Dying (with dignity)
=====
*** 1 don't be shy about dying ***
Don't be reticent about exiting if your service has failed :-)
[ SAs will notice this & try to help. ]
e.g. unable to find/read SSL cert; no point app running if socket set-up failed [seen this one]
*** 2. explain why ***
Make it obvious why the application exited
Make sure you wrote something in the log:
1. explain what's wrong
2. at the bottom, not obscured by too much noise
[ a stack trace may be great for you (and worth including) but not sufficient by itself ]
Think about where the message goes; if you're writing to a logfile, but your error message went to stdout/stderr then it's lost forever
Patterns:
- catch-all exceptions; but print & exit. Would this catch the message if your JVM runs out of memory?

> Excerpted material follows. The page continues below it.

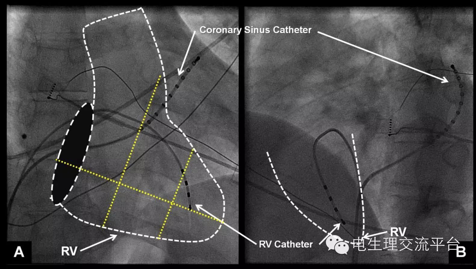 图1. 右(A)、左 (B)前斜位展示了右室和冠状窦电极位置。点线代表右室轮廓,椭圆形黑盘代表三尖瓣环。右室电极远端必须标准化放置在右室心尖部。
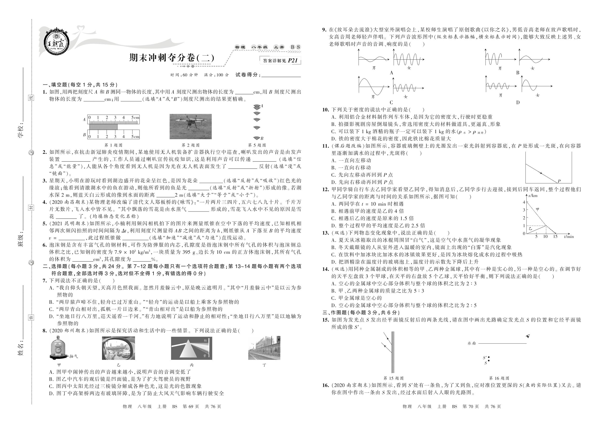 2021上册八年级物理北师版 期末冲刺夺分卷(二)

*** 3. use a restart mechanism ***
O/Ss often provide a process monitor – Solaris SMF, on Linux upstart or systemd. This will check that the process is still running, and restart it if it crashes. They're all different & YMWV with different tools - OTOH I've written & used a simple app that'll run & monitor child process.
(Monitors can sometimes have problems with processes that do “clever” things like forking & dropping privileges)
That's it. I died.
- The restarter kicked in, restarted me 5 times and gave up.
- The monitoring noticed the restarter, sent an alert. When it gave up it sent a page.
- Monitoring also noticed that it couldn't connect to the service, sent an alert. (Also the process isn't running, monitoring noticed that too)
The program left a message at the very end of the logfile, describing the problem. So hopefully it'll be fixed before we breach our SLA (or lose customers) etc.